MSc. Thesis

Master's Thesis Report

Supervised-Reinforcement Learning Approach

Results: Supervised-Reinforcement Learning

Motivation

A lot of research has been conducted in the field of autonomous navigation of mobile robots with focus on Robot Vision and Robot Motion Planning. However, most of the classical navigation solutions require several steps of data pre-processing and hand tuning of parameters, with separate modules for vision, localization, planning and control. All these modules work independently and make their own parameter assumptions to optimize their own performance without taking into account the effect these assumptions have on the performance of rest of the modules. Hence, even though each module in the whole system tries to achieve an optimal performance for the task it has been assigned, the lack of interdependence exhibited by these modules for decision making means that the overall performance of the whole system is sub-optimal in most of the cases. An alternating approach for addressing these issues is to train certain parts of the vision module to incorporate partial tasks from the planning module.

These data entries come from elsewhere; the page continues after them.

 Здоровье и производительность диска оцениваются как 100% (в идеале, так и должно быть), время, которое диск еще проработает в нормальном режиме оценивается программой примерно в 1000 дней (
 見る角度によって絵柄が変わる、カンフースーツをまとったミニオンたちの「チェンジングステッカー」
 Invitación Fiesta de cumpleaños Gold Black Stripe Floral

Deep Learning architectures have achieved great success in the field of pattern recognition and object detection and as a result are usually being deployed to design such a module that jointly learns to carry out perception and path planning. In my master’s thesis, making use of Deep Learning, I propose an End-to-End Learning architecture that learns to directly map raw sensor readings to control commands for a ground based mobile robot. The research makes use of the simulation of Jackal UGV from Clearpath Robotics and the proposed network is able to produce collision free trajectories for the robot to navigate in it’s environment.

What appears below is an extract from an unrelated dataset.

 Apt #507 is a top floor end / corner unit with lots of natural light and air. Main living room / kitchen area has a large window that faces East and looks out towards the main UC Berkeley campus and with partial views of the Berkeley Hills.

Supervised Learning Approach

The proposed End-to-End planner is depicted in the figure above and the planner is trained using Supervised Learning. However, in most of the Supervised Learning methods, the input-output data pairs are assumed to be I.I.D. But for tasks like robot navigation, where the future input received by the robot's sensors is heavily influenced by the current control commands taken by the robot, it is quite necessary that the motion planner has the ability to establish a temporal dependency between successive control commands and input sensor readings. An I.I.D assumption about the navigation behavior puts the the planner at the risk of taking unstable decisions. The required temporal behavior is achieved with the use of Long Short Term Memory (LSTM) cells in the network.

In order to train the End-to-End planner, the training data is collected using the gazebo simulation of Jackal UGV equipped with a LiDAR. ROS Move Base is used as an expert, which makes use of Dijkstra algorithm as the global planner and Dynamic Window Approach as the local planner. Around 4,000 trajectories with different start and goal positions are collected which constitute around 2 million input-output data tuples consisting of a vector of laser scan readings of size 720 over a FOV of 360 degrees, the current position of the robot in the world frame , the relative distance and orientation between the robot and the goal in polar coordinates and the control commands output by the Move Base in the form of Linear and Angular velocities.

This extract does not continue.